Records:
•••••

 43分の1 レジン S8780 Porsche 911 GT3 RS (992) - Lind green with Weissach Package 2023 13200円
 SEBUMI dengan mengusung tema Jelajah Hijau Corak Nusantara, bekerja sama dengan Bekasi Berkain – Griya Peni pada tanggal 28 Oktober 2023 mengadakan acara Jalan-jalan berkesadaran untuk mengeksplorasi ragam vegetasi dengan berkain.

•••••

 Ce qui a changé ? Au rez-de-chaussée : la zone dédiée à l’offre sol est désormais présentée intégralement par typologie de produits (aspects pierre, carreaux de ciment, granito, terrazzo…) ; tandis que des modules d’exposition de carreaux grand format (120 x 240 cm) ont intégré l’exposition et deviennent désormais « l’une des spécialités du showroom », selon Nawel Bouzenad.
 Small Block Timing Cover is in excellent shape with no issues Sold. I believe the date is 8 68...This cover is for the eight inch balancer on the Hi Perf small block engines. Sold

•••••

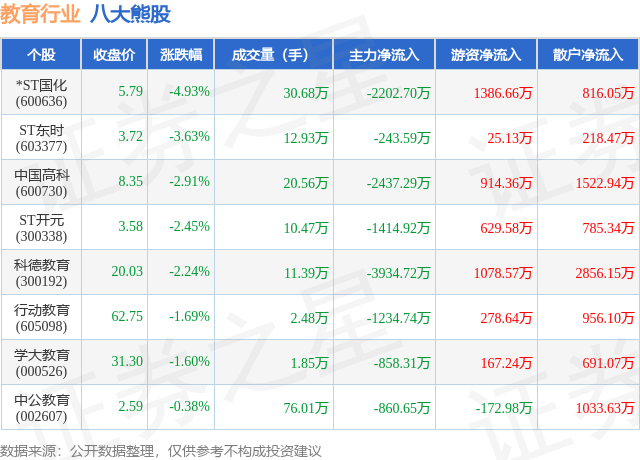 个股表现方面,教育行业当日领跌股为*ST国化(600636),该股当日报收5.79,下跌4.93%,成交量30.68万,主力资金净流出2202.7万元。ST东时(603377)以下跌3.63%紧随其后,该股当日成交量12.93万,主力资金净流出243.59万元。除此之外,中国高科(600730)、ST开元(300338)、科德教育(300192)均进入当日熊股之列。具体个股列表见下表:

•••••

About this exercise: There is a line with "43分の1 レジン S8780" and a line with "SEBUMI dengan mengusung" above. Copy exactly those two lines and all lines between them, with nothing else.

Answer for the task:
 43分の1 レジン S8780 Porsche 911 GT3 RS (992) - Lind green with Weissach Package 2023 13200円
 SEBUMI dengan mengusung tema Jelajah Hijau Corak Nusantara, bekerja sama dengan Bekasi Berkain – Griya Peni pada tanggal 28 Oktober 2023 mengadakan acara Jalan-jalan berkesadaran untuk mengeksplorasi ragam vegetasi dengan berkain.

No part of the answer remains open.